● **Exercise details**
Restate all the lines below word for word, but omit the pictures.

● **Record set**
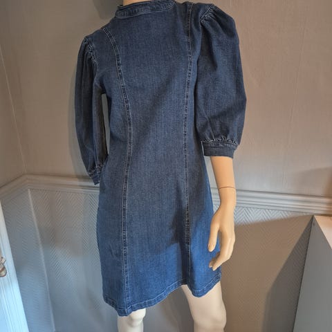 Vero Moda hverdagskjole i denim, størrelse M, farge blå. Kjolen har knapper foran og belte i midjen, laget av denim materiale.
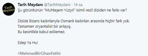 Öte yandan kadın oyuncuların dekolteli kıyafetleri Twitter'ı salladı. Osmanlı Devleti gibi şanlı bir milletin kadınlarını sürekli dekolteli kıyafetler ile ekrana getirilen diziye kullanıcı tepkileri şöyle:
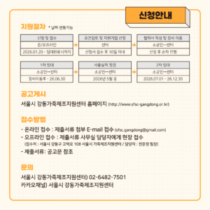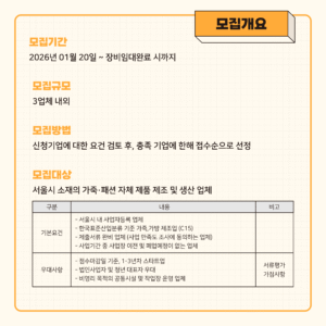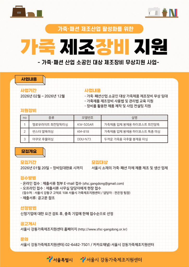 외부지원 사업안내 알림마당 공지사항 외부지원 사업안내 뉴스레터 자료실 갤러리 모집 중 [강동가죽제조지원센터] 가죽·패션산업 소공인 장비지원사업 참여기업 모집 일시(기간) ~장비임대완료시까지 종류 지원 신청방법 or 장소 문의처 서울시 강동가죽제조지원센터) 02-6482-7501 / 카카오채널 주최/주관 서울시 강동가죽제조지원센터 첨부파일 1 보기 / 다운로드 첨부파일 2 보기 / 다운로드 첨부파일 3 보기 / 다운로드 목록 보기
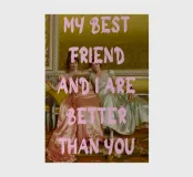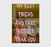 Celebrate il vostro legame indissolubile con "My Best Friend and I Are Better Than You", una spiritosa stampa pop art che unisce l'eleganza classica a una moderna e giocosa dichiarazione di amicizia. Questa accattivante opera d'arte raffigura due serene figure storiche, elegantemente posate su un lussuoso divano, apparentemente impegnate in un libro. Il testo in grassetto, di colore rosa caldo, "IL MIO MIGLIOR AMICO ED IO SONO MEGLIO DI TE" si sovrappone all'immagine, trasformando la scena senza tempo in un'ironica e sicura dichiarazione di esclusività. Perfetto per aggiungere personalità e un tocco di fascino spensierato a qualsiasi spazio contemporaneo. Realizzato ad un
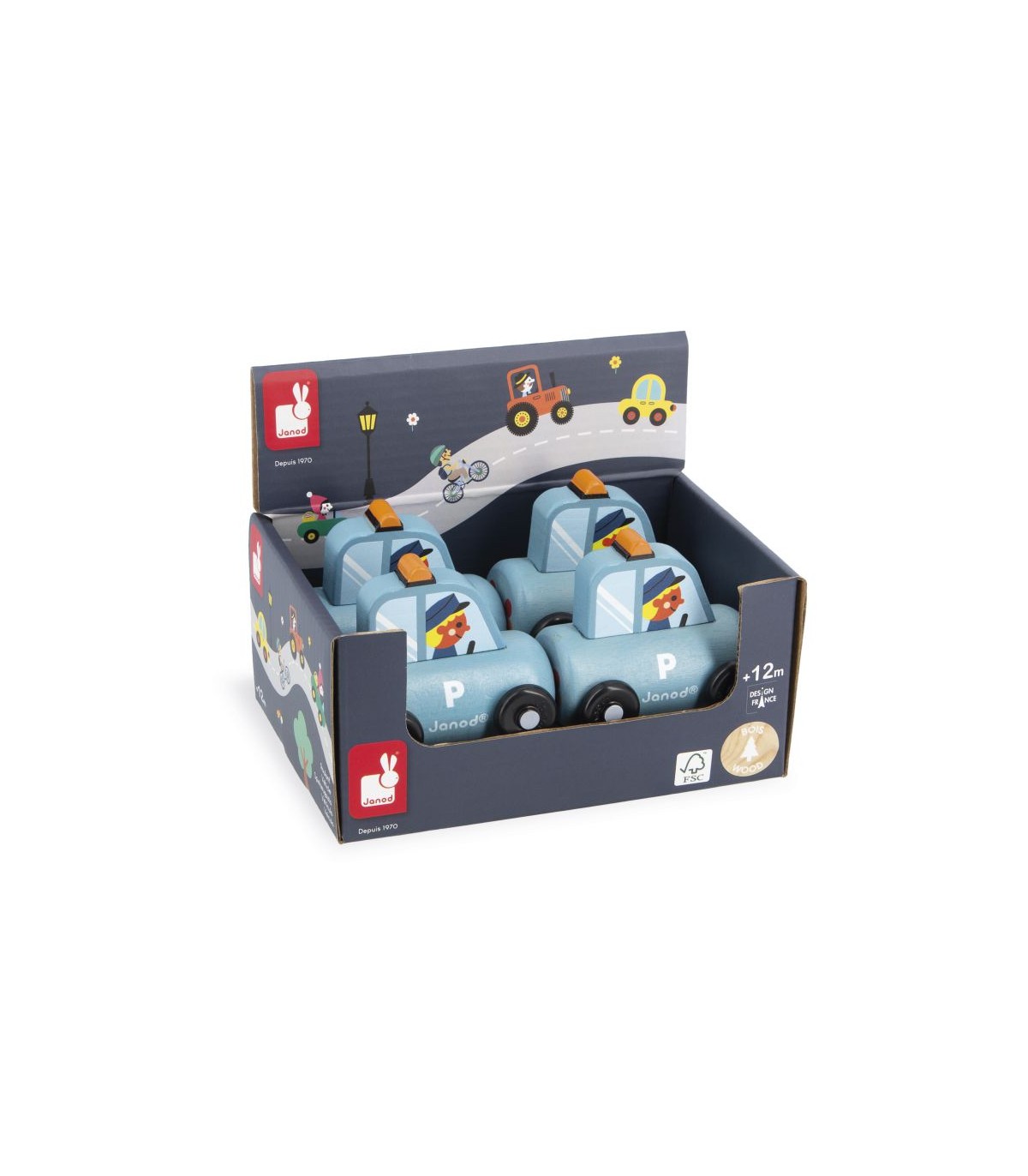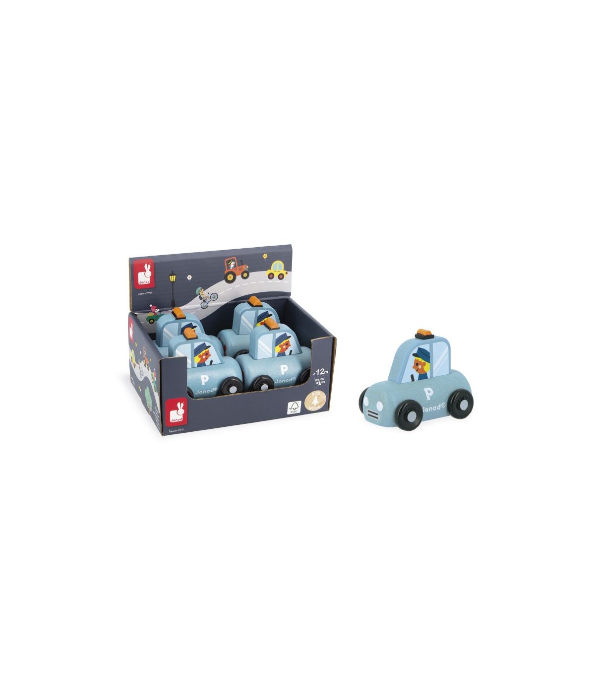 ¡Tendremos muchas misiones emocionantes a bordo del coche de policía! Con este coche de madera, los más pequeños podrán imaginar un sinfín de historias. Los más pequeños pueden agarrar el coche fácilmente. Juguete de madera FSCTM para niños a partir de 12 meses. Combinado con tu alfombra y la bonita caja de cubos de la gama Janod, este juguete con ruedas completa a la perfección tu universo.

● **Task response**
 Vero Moda hverdagskjole i denim, størrelse M, farge blå. Kjolen har knapper foran og belte i midjen, laget av denim materiale.
 Öte yandan kadın oyuncuların dekolteli kıyafetleri Twitter'ı salladı. Osmanlı Devleti gibi şanlı bir milletin kadınlarını sürekli dekolteli kıyafetler ile ekrana getirilen diziye kullanıcı tepkileri şöyle:
 외부지원 사업안내 알림마당 공지사항 외부지원 사업안내 뉴스레터 자료실 갤러리 모집 중 [강동가죽제조지원센터] 가죽·패션산업 소공인 장비지원사업 참여기업 모집 일시(기간) ~장비임대완료시까지 종류 지원 신청방법 or 장소 문의처 서울시 강동가죽제조지원센터) 02-6482-7501 / 카카오채널 주최/주관 서울시 강동가죽제조지원센터 첨부파일 1 보기 / 다운로드 첨부파일 2 보기 / 다운로드 첨부파일 3 보기 / 다운로드 목록 보기
 Celebrate il vostro legame indissolubile con "My Best Friend and I Are Better Than You", una spiritosa stampa pop art che unisce l'eleganza classica a una moderna e giocosa dichiarazione di amicizia. Questa accattivante opera d'arte raffigura due serene figure storiche, elegantemente posate su un lussuoso divano, apparentemente impegnate in un libro. Il testo in grassetto, di colore rosa caldo, "IL MIO MIGLIOR AMICO ED IO SONO MEGLIO DI TE" si sovrappone all'immagine, trasformando la scena senza tempo in un'ironica e sicura dichiarazione di esclusività. Perfetto per aggiungere personalità e un tocco di fascino spensierato a qualsiasi spazio contemporaneo. Realizzato ad un
 ¡Tendremos muchas misiones emocionantes a bordo del coche de policía! Con este coche de madera, los más pequeños podrán imaginar un sinfín de historias. Los más pequeños pueden agarrar el coche fácilmente. Juguete de madera FSCTM para niños a partir de 12 meses. Combinado con tu alfombra y la bonita caja de cubos de la gama Janod, este juguete con ruedas completa a la perfección tu universo.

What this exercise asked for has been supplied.